There are cases when a retired employee, its spouse and dependent children may be qualified as beneficiaries. Any child born to or even placed for adoption with a covered employee during the COBRA coverage is also considered as a qualified beneficiary.

The third element is the qualifying events that would cause an individual to lose his or her health coverage. There are different types of qualifying event that will determine who the qualified beneficiaries are. The plan will also determine the amount of time that the health coverage must be offered to them under COBRA. At its discretion, a plan may provide longer periods of continuation coverage.

Qualified beneficiaries must be offered with coverage similar to that available to beneficiaries who have not been receiving COBRA coverage under the plan. They also must be allowed to make identical choices that are given to non-COBRA beneficiaries under the plan.
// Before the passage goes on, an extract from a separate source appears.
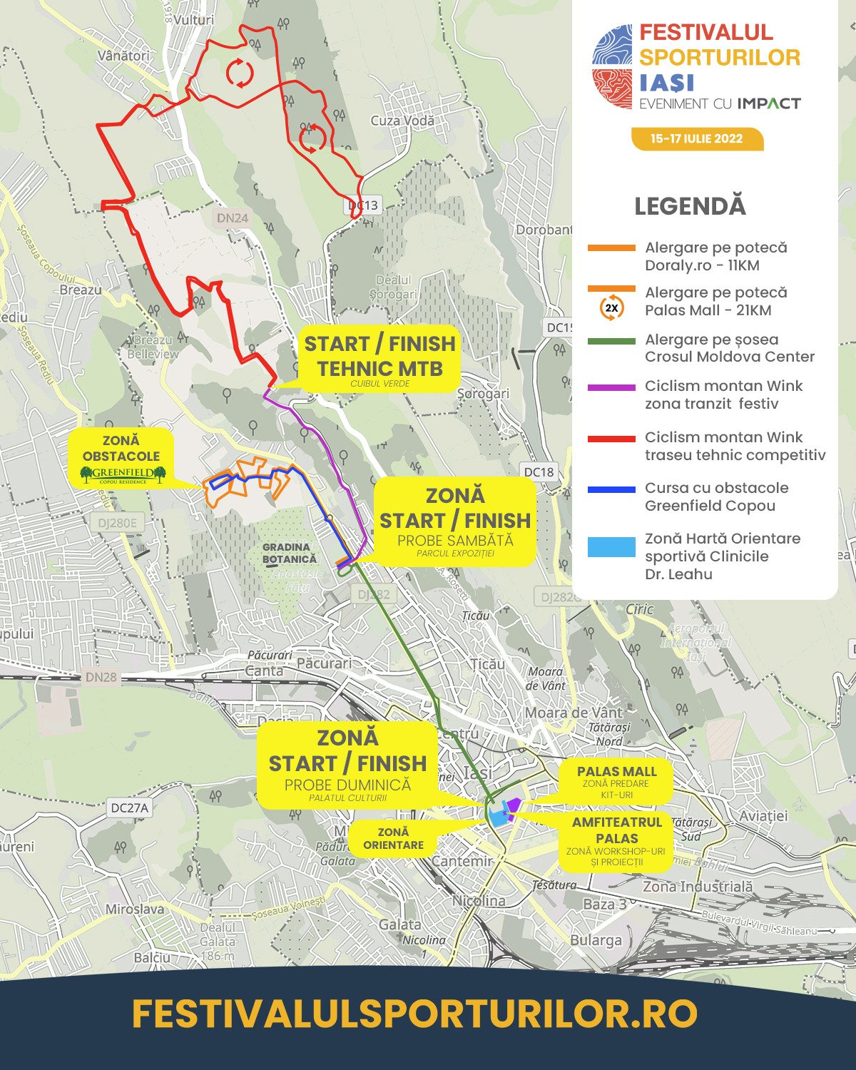 Organizatorul evenimentului, Silviu Bălan, a declarat că toate competițiile vor avea loc în Parcul Expoziției și în Zona Palas: ”Vineri seara vom avea worshop despre ciclism. Bogdan Duca, campionul României la ciclism montan, va veni și va da niște sfaturi celor care sunt ori la început de drum, ori poate au întrebări despre ciclism. Voi urma eu, eu sunt sportiv de performanță. Voi avea un worshop despre alergare montană. Vom avea un film despre un makingof filmului ”România Sălbatică”. Sâmbătă dimineața vom începe probele sportive din Parcul Expoziției, cu alergarea pe potecă, cursa cu obstacole și ciclismul montan. Seara ne întoarcem înapoi la Palas, la amfiteatru și vom avea workshop de orientare sportivă, cu Ionuț Zincă, campion balcanic și dintre cei mai buni alergători montani din lume și apoi vom avea o prezentare a unei expediții făcute în acest an, două vârfuri de 8000 de metri în 24 de ore, Gabriel Băicuș. Duminică dimineață ne mutăm cu startul la Palatul Culturii și vom avea alergare pe șosea, 10 kilometri, plecăm din Piața Palat și mergem până în Copou și înapoi. Apoi avem Cursa Copiilor, Cursa Persoanelor cu Dizabilități și încheiem acest festival cu proba de Orientare Sportivă, care se va face pe o hartă cu detalii a Grădinilor Palas.

The COBRA coverage starts on the date of the qualifying event, and the length of the period of the coverage depends on the type of qualifying event that made the qualified beneficiary lose group health plan coverage.That is when one pays all the required premiums.

For employees covered under the coverage, the only qualifying event is their termination of employment including retirement, or reduction of employment hours. In that case, COBRA coverage is going to lasts in the period of eighteen months. If the covered employee undergoes qualifying events such as divorce or legal separation, death or being entitled to Medicare, COBRA for the spouse or dependent child will last for 36 months.
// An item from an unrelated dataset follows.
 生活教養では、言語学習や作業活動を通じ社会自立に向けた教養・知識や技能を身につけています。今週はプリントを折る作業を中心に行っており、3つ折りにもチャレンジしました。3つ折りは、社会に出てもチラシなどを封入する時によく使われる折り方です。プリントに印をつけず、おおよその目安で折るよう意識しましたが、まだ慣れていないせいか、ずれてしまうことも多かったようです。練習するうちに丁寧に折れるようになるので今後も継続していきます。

The beneficiary is usually required to pay the entire cost of COBRA coverage. There are also a few employers who choose to subsidize COBRA. However, in the event that the employer chooses not to subsidize COBRA, the COBRA premium should not exceed 100 percent of the group health plan’s cost for individuals who have not incurred a qualifying event. This includes both the portion paid by the employees and the employer before to the qualifying event happened. An additional of 2 percent for administrative costs is topped to it. Apart from this, the employer may also have the chance to charge up to 150 percent for an 11-month disability extension of COBRA coverage.

The COBRA administration is shared by three federal agencies: the U.S. Department of Labor that handles questions about notification rights under COBRA for private-sector employees; the Department of Health and Human Services that handles questions relating to state and local government workers; and the Internal Revenue Service, Department of the Treasury that has other COBRA jurisdiction.